__The problem__. From the entries below, transcribe exactly the lines between the line holding "2021年四川省推遲或取消發" and the line holding "Ширина полотна 6/8", inclusive; skip all other lines.

__Record extracts__.
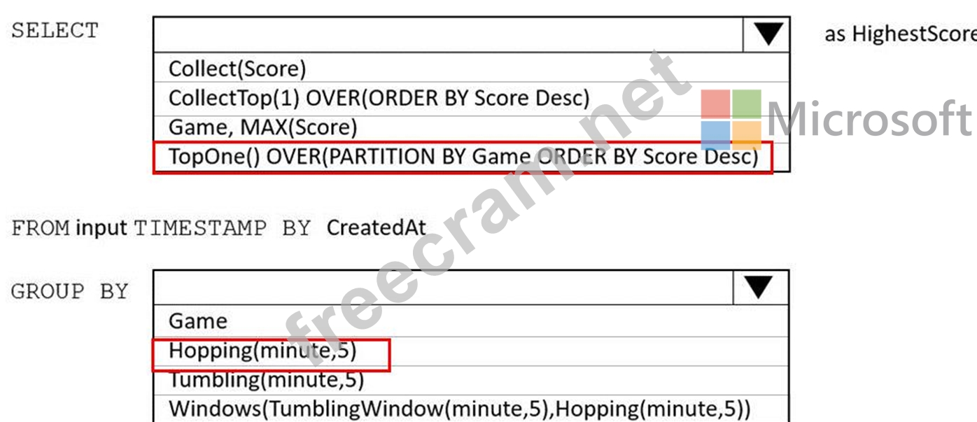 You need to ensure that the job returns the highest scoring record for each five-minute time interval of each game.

...

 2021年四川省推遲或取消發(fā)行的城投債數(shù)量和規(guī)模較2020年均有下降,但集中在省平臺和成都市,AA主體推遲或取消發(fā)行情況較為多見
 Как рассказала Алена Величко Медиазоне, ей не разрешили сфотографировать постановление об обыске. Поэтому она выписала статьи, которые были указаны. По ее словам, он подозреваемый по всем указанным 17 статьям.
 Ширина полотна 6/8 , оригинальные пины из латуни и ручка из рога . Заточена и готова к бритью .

* * *

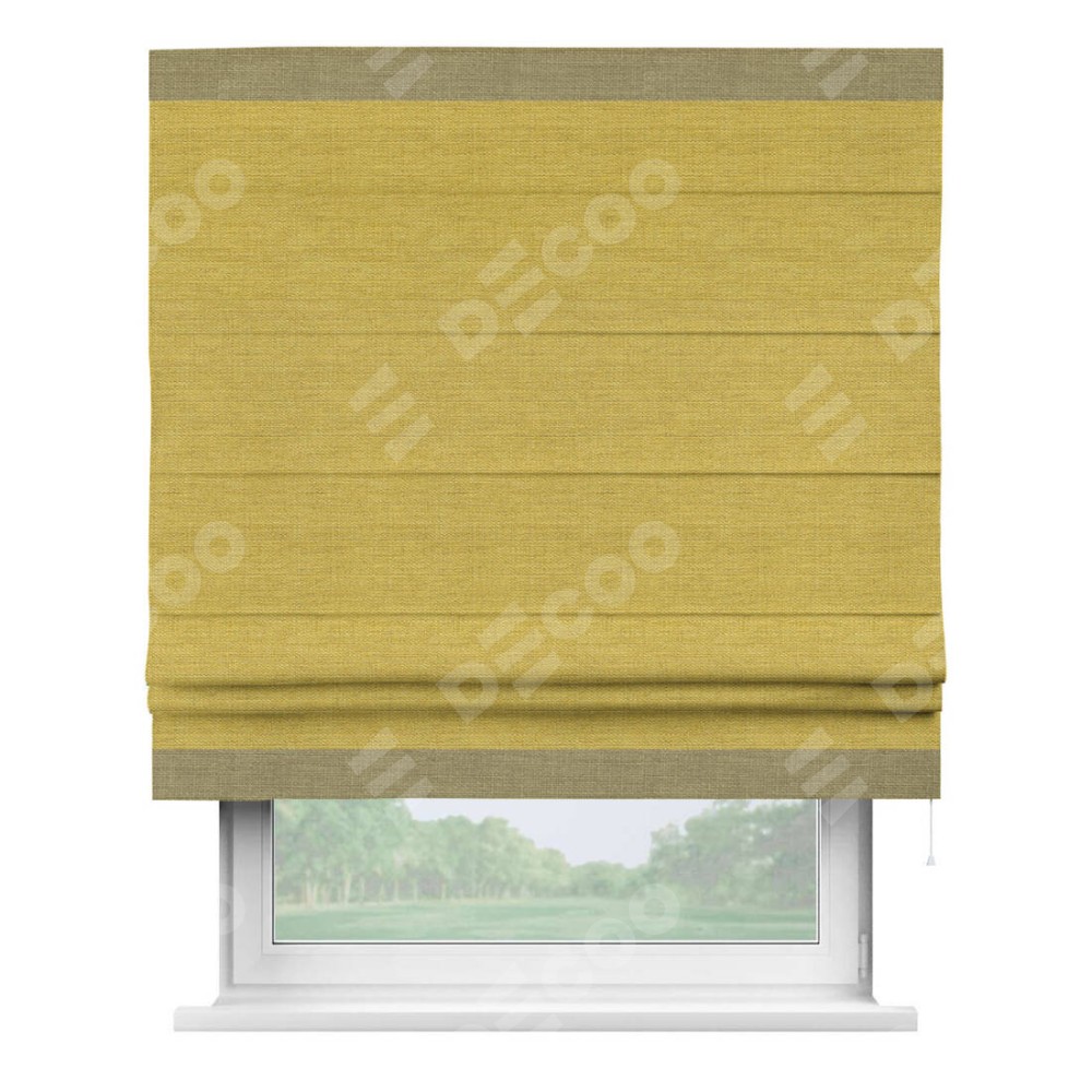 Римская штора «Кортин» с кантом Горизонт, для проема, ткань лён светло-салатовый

__Solution to this task__.
 2021年四川省推遲或取消發(fā)行的城投債數(shù)量和規(guī)模較2020年均有下降,但集中在省平臺和成都市,AA主體推遲或取消發(fā)行情況較為多見
 Как рассказала Алена Величко Медиазоне, ей не разрешили сфотографировать постановление об обыске. Поэтому она выписала статьи, которые были указаны. По ее словам, он подозреваемый по всем указанным 17 статьям.
 Ширина полотна 6/8 , оригинальные пины из латуни и ручка из рога . Заточена и готова к бритью .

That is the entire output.